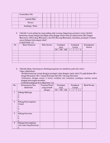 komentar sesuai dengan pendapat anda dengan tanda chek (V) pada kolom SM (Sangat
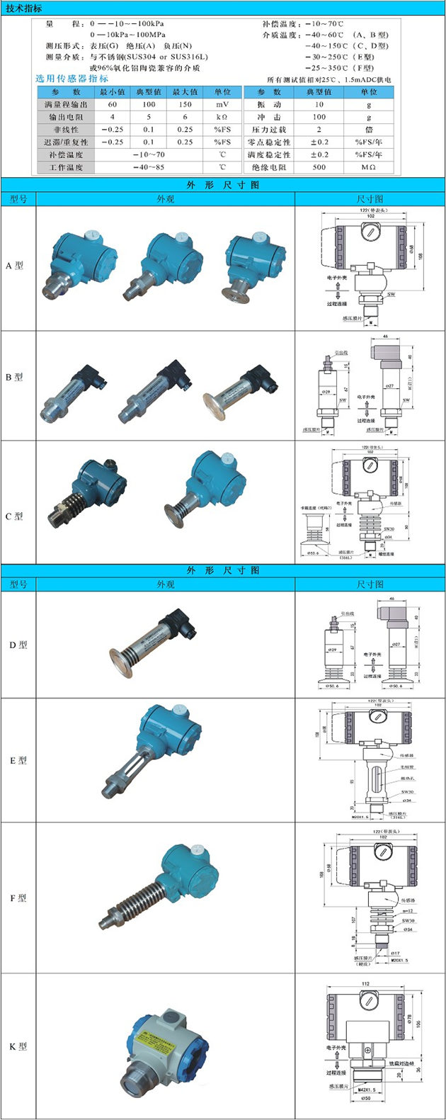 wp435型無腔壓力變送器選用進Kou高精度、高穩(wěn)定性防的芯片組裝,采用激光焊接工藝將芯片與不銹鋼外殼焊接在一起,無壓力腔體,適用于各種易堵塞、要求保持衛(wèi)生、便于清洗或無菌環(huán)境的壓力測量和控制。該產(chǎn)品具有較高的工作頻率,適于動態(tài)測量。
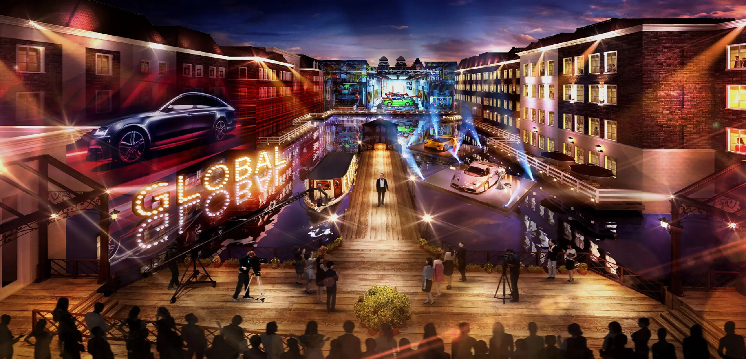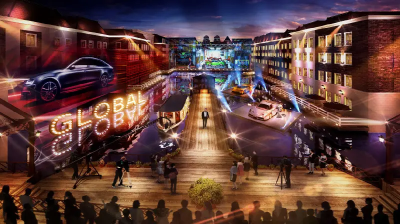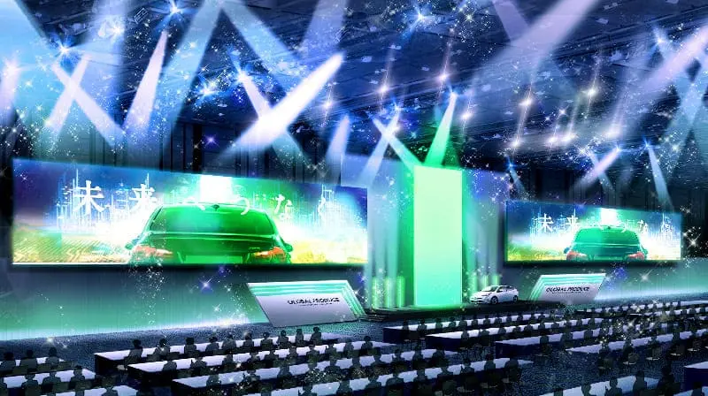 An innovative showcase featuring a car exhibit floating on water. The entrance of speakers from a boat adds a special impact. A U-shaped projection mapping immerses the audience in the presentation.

EXERCISE PROMPT
An exact copy of the lines from the line containing "wp435型無腔壓力變送器選" through the final line of the listing, without pictures, is the expected result.

YOUR SOLUTION
 wp435型無腔壓力變送器選用進Kou高精度、高穩(wěn)定性防的芯片組裝,采用激光焊接工藝將芯片與不銹鋼外殼焊接在一起,無壓力腔體,適用于各種易堵塞、要求保持衛(wèi)生、便于清洗或無菌環(huán)境的壓力測量和控制。該產(chǎn)品具有較高的工作頻率,適于動態(tài)測量。
 An innovative showcase featuring a car exhibit floating on water. The entrance of speakers from a boat adds a special impact. A U-shaped projection mapping immerses the audience in the presentation.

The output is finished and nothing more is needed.